* **What is required**:
Could you restate word for word only the lines below from the one holding "- Nhập các thông" to the one holding "张艺兴的苦和累,粉丝都看在眼", inclusive, and leave out the pictures?

Data shown START

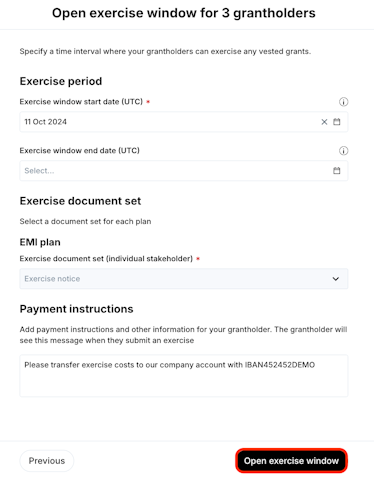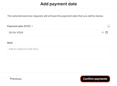 3. Add the payment date that will apply to all exercise request and click Confirm payments.
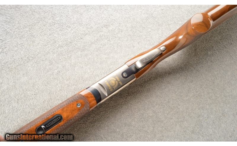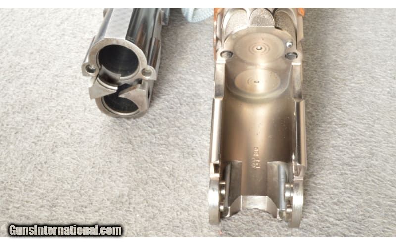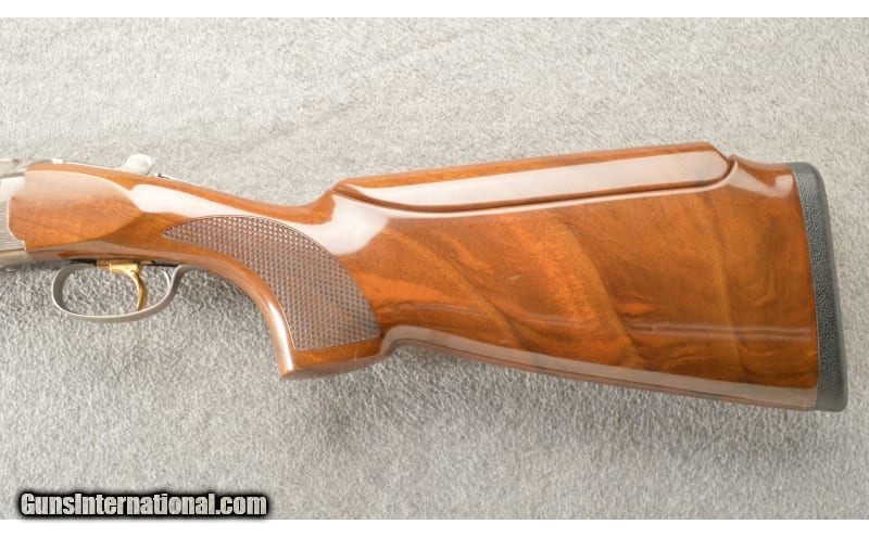 Description: P. Beretta 682 Gold E X Trap 12 gauge. This gun has matte blued barrels with titanium nitride receiver. The 30" over/under barrel has a fiber optic front sight with a mid-bead and ejectors. This has Briley Optima Spectrum extended chokes, "IM & LF". The 34" single barrel has a fiber optic front with a mid-bead and a single ejector. The choke is a flush Optima choke tube, "FULL". The top tang is marked "P19034B / 682 GOLD E". The water table is marked with Italian proofs. The bottom of the receiver is marked "MADE IN ITALY", "BERETTA / 682 GOLD E", and has the three arrow logo. The trigger guard has a circular engraving on the bottom side. The sides of the receiver are marked "BERETTA", "682 GOLD E", the Beretta logo, and has crossing circular lines. The left of the top chamber is marked "X TRAP / BERETTA - MADE IN ITALY / GARDONE V.T." and the right is marked "BERETTA USA CORP. ACCK. MD". The left side of the top barrel is marked "OB 12 GA. 3" - 30" / "OPTIMA-BORE", "18.5", an Italian proof and the right side is marked with a warning address. The bottom of the monoblock is marked "P19034B". The left side of the bottom barrel is marked "- EXCELSIOR – HIGH STRENGTH ALLOYED STEEL", "18.5", an Italian proof. The right side of the lower barrel is marked "24001 M". The top left chamber of the mono barrel is marked "X TRAP / BERETTA - MADE IN ITALY / GARDONE V.T." and the right is marked "BERETTA USA CORP. ACCK. MD". The left side of the top barrel is marked "MONO TOP - OB 12 GA. 3" - 33" / "OPTIMA-BORE", "18.5", an Italian proof and the right side is marked with a warning address. The bottom of the monoblock is marked "P19034B". The right side of the barrel is marked "- EXCELSIOR – HIGH STRENGTH ALLOYED STEEL". The bottom side of the lower blank barrel is marked "22339 M". The stocks are two-piece checkered walnut with a finger groove forend, pistol grip, adjustable straight comb, and a black rubber buttpad. Comes with the factory hard case and owners manual. Very exceptional P. Beretta 682 with light handling wear. 12 Gauge SOLD Chambers: 3" chambers on all barrels. Metal Condition: 99% finish remaining. Wood Condition: 98% remaining with a few minor dings mainly on the stock area. Checkering is excellent. Bore Condition: Bright smooth bores. Barrels: "30""O/U barrel, 34"" single barrel. Triggers: Single. Stock Dimensions: Adjustable. Fore End: Checkered. Butt Pad: Rubber. Weight: 9 LBS Sights: Fiber Optic front on all barrels. Chokes: Removable. Item Location: Owatonna, MN |
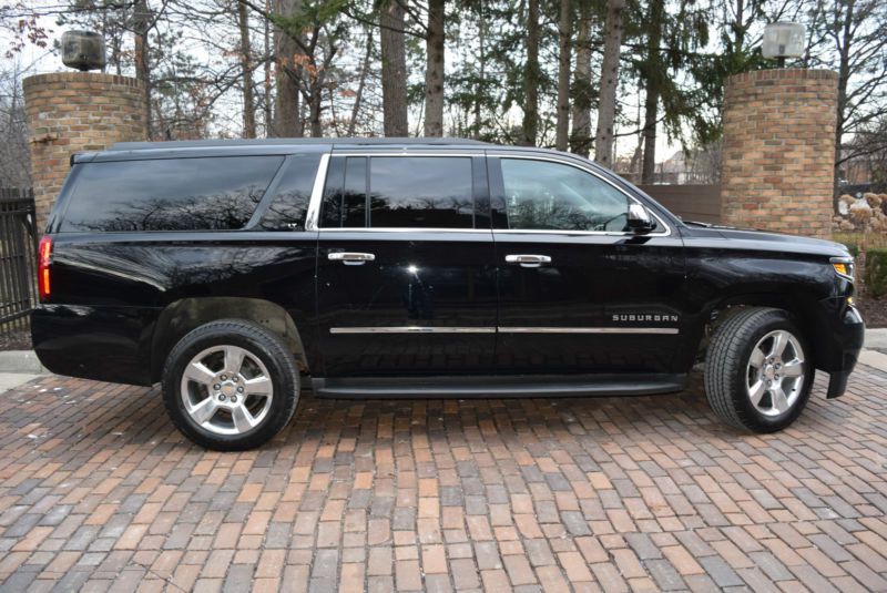 SHARP BLACK EXTERIOR matched with a BLACK(HEATED-COOLED/FRONT) LEATHER interior 2015 CHEVROLET SUBURBAN 4WD LT-EDITION. 4X4(FOUR WHEEL DRIVE). 5.3 Liter V8 naturally aspirated engine( A TRUE GM WORKHORSE). SMOOTH 6 Speed automatic transmission for maximum performance and added power. Lots and lots of power from this engine. NAVIGATION SYSTEM with pinpoint map accuracy directions for go anywhere driving. LANE DEPARTURE SYSTEM. COLLISION ALERT SYSTEM. HEATED SIDE MIRRORS. BLIS SYSTEM/BLIND SPOT ALERT SYSTEM. POWER OPERATED SUNROOF WITH SHADE OPTION. HOME LINK GARAGE OPENER. FACTORY RUNNING BOARDS. POWER OUTLETS. Traction control. LED LIGHTS. FOG LIGHTS. Sirius/XM satellite radio. DUAL power leather seats for both passenger and driver. MEMORY DRIVER SEAT SETTING. PUSH BUTTON START ON/OFF. FRONT HEATED SEATS. FRONT COOLED SEATS. MID ROW POWER FOLDING SEATS. MID ROW CAPTAIN CHAIRS(HARD TO FIND). THIRD ROW POWER FOLDING SEATS SMART ENTRY SYSTEM(SENSORS ON EACH DOOR HANDLE THAT RECOGNIZES THE KEY FOB ON YOU AND IF YOU TOUCH THE DOOR HANDLE,IT UNLOCKS AUTOMATICALLY//NEAT FEATURE ON ALL 4 DOORS). POWER REAR TAILGATE(OPERATED FROM FRONT/REAR/REMOTE ). rear climate control. premium surround-sound audio system(BOSE). REAR ELECTRONIC TOW PACKAGE. DUAL(2) FACTORY REAR DVD (IN ROOF)entertainment systems which is great for entertaining the little ones. REAR VIEW CAMERA which display live video feed of vehicle while in reverse mode. (LANE CHANGE ALERT/IN DASH AND VIBRATING SEATS) FACTORY REMOTE STARTER. AFTER MARKET CHROME COVER DOOR HANDLES. BLUETOOTH. Rear back up sensors (alerts you when backing up to an object). FRONT PARK ASSIST FRONT SENSORS. REAR POWER LIFT GATE. Electronic TOW package. RUNNING BOARDS. LED LIGHTS. 3rd row seating. PUSH BUTTON START ON/OFF. Factory remote start. ONE FACTORY KEY. ON STAR on demand. Dual zone automatic climate control. 20" FACTORY wheels WITH ALMOST 20" NEW TIRES. Tire pressure monitoring system ( alerts you when one of your tires is low on air). Driver memory settings. Bluetooth connectivity. Vehicle anti-theft. Fog lights. EXTREMELY smooth and powerful ride! AND MUCH-MUCH-MUCH MORE. AMAZING color combo.
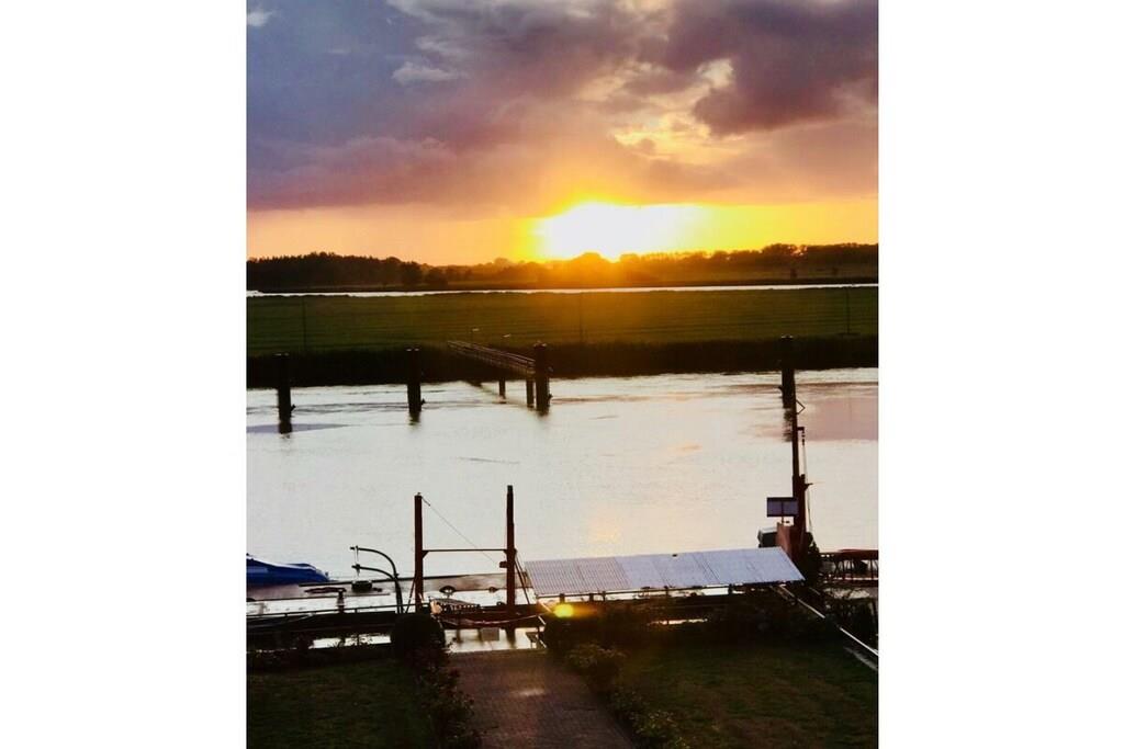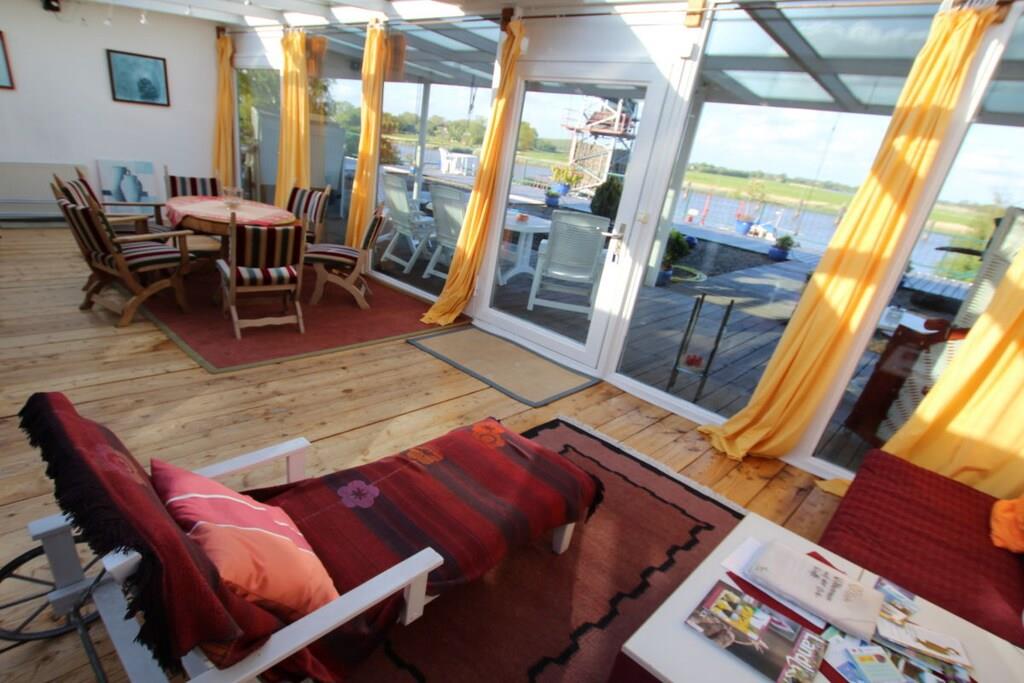 Die Atelierwohnung erstreckt sich auf ca. 165 qm. Sie haben eine überdachte Terrasse und Zugang zur großen Dachterrasse. Im Wintergarten und auf der Terrasse haben Sie einen herrlichen Blick über die Flusslandschaft. Sie haben eine offene Küche mit Bar und einen großzügigen Wohn-und Essraum, zwei gemütliche Doppelzimmer und ein wunderschönes Bad mit einer Badewanne mit Himmelblick. Der ideale Ort zum Entspannen. Zusätzliche Schlafgelegenheit für 5. Person im Wohnraum. Die Ferienwohnung besticht durch ihren mediterranen Stil und vielen schönen Detail, wie echten Ölgemälden, Kerzenständern und einem Kamin für kuschelige Abende.
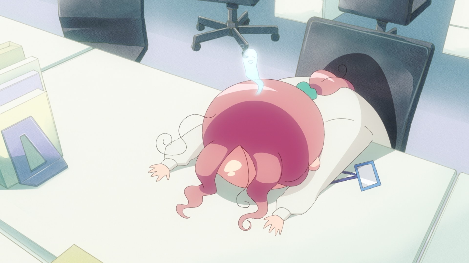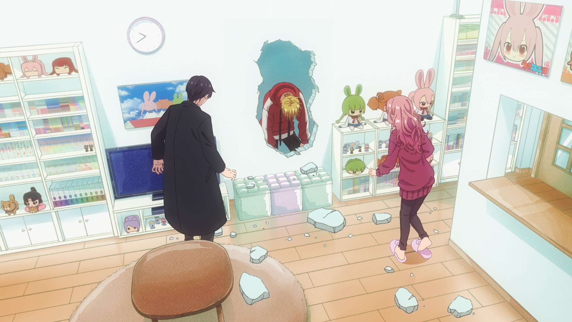 First up, we have Pardon the Intrusion, I’m Home! Rinko Nakama, a young office worker, has built a shrine to her favorite anime series out of her own home. She loves anime so much that if she doesn’t get enough of it the previous night, she’ll become a zombie at work. Lately, however, one of her neighbors will rudely slam on the wall if she watches anything other than Bunny and Cat Club, an in-universe show starring… well, a bunny and a cat. So… just wear headphones for the time being? Move your TV to the other side of the room? Complain to the apartment manager about your belligerent neighbor? Nah, all of those choices are too sensible. All of those choices are too adult for this adult working woman.
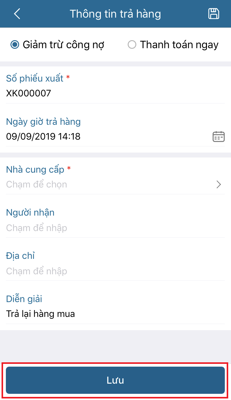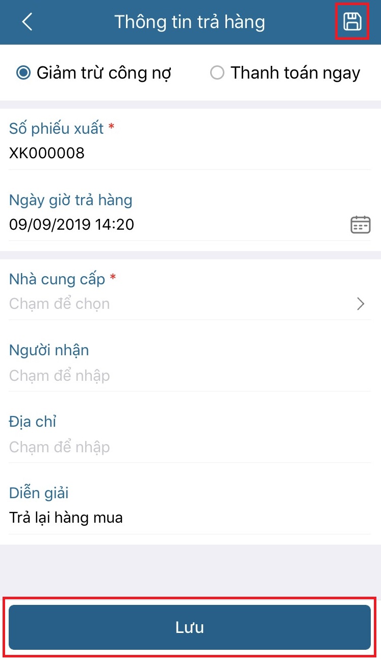 - Nhập các thông tin vào phiếu trả: Chọn Giảm trừ công nợ hoặc Thanh toán ngay bằng tiền mặt hoặc Thanh toán ngay bằng tiền gửi. Nhấn Lưu để lưu lại thông tin trả hàng.
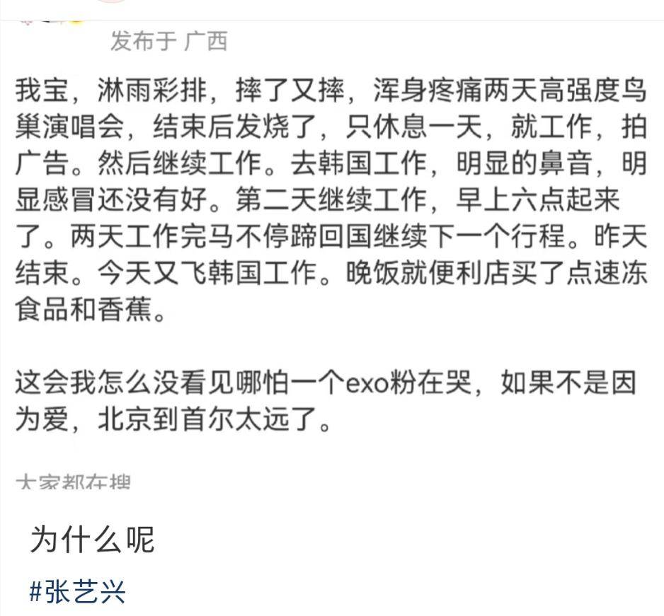 张艺兴的苦和累,粉丝都看在眼里,可让他们觉得有些不能接受的是,团队其他成员都漠视他的努力付出,倒像是他在单方面跪舔。
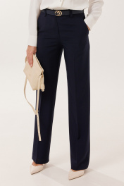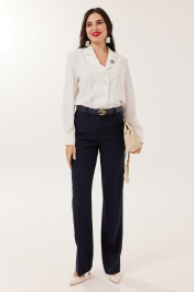 Брюки классической формы, прямого силуэта, со стрелками по передним и задним половинкам. Верхний срез обработан обтачным поясом, дополнен практичными шлевками для ремня. На задних половинках расположены талиевые вытачки с настрочными декоративными листочками. В боковых швах брюк обработаны наклонные карманы. Застёжка центральная на тесьму-молнию и крючок. Брюки комплектуются ремнем. Выбирая эти брюки, Вы можете быть уверены, что создадите множество удачных стилизаций. Независимо от того, наденете ли вы их в офис, на семейное торжество или на свидание, идеально сшитые женские длинные брюки – хороший выбор.
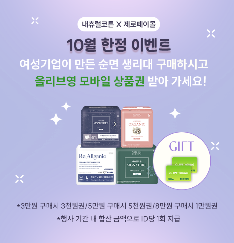 [내츄럴코튼] 시그니처 오가닉 유기농 생리대 중형/대형/오버나이트/롱 라이너 10팩 모음전
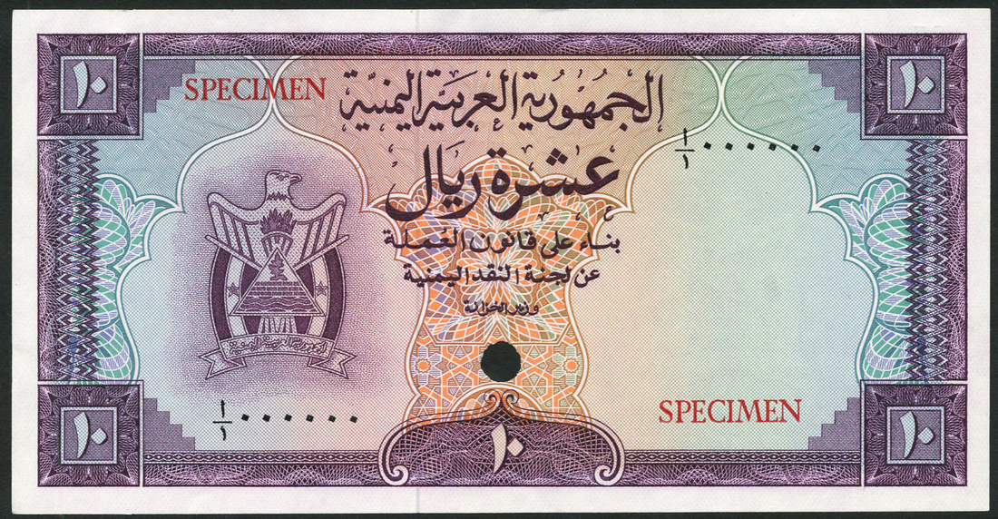 (†) Yemen Currency Board, specimen colour trial set of the ND (1964) Issue, all Arabic serial number A/1 000000, all coat of arms at left, comprising 1 Rial, blue, reverse houses and minaret in Sana'a; 5 Rials, olive-green, reverse Lion of Timna sculpture; and 10 Rials, purple, reverse dam, all overprinted SPECIMEN in red twice on obverse and once on reverse, one punch hole
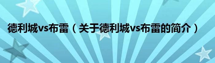 本文關(guān)于德利城vs布雷的簡(jiǎn)介就講解完畢,希望對(duì)大家有所幫助。
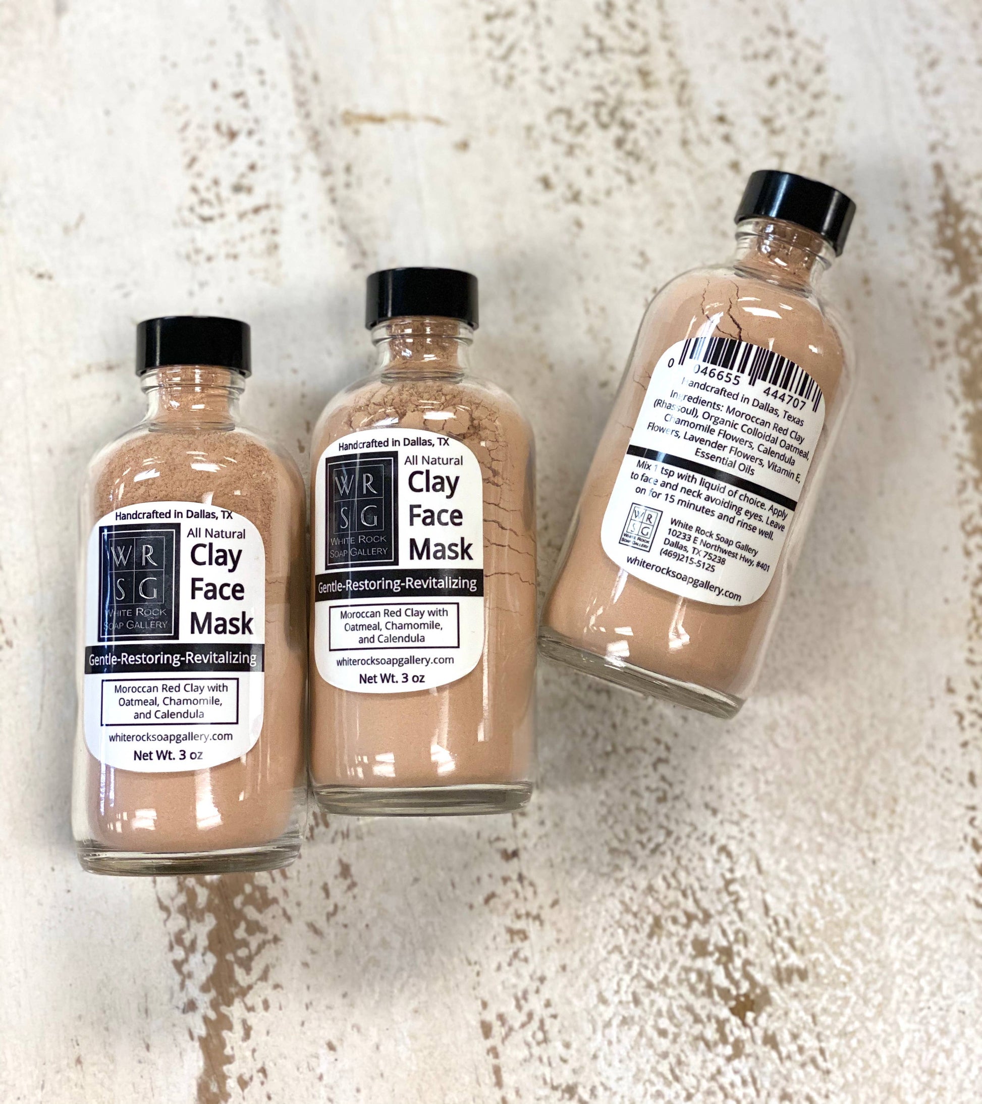 Ingredients: Moroccan Red Clay (Rhassoul), Organic Colloidal Oatmeal, Organic Chamomile Flowers, Organic Calendula Flowers, Organic Lavender Flowers, Vitamin E, Essential Oil Blend. Net Weight: 3 oz.
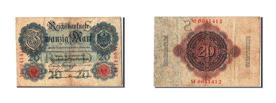 | | Banknote, Germany, 20 Mark, 1914, 1914-02-19, VF(30-35) | | | 7 digit serial #., Eagle at upper right., Blue., Red and blue. | | FEATURES |

Data shown END

* **Written answer**:
 - Nhập các thông tin vào phiếu trả: Chọn Giảm trừ công nợ hoặc Thanh toán ngay bằng tiền mặt hoặc Thanh toán ngay bằng tiền gửi. Nhấn Lưu để lưu lại thông tin trả hàng.
 张艺兴的苦和累,粉丝都看在眼里,可让他们觉得有些不能接受的是,团队其他成员都漠视他的努力付出,倒像是他在单方面跪舔。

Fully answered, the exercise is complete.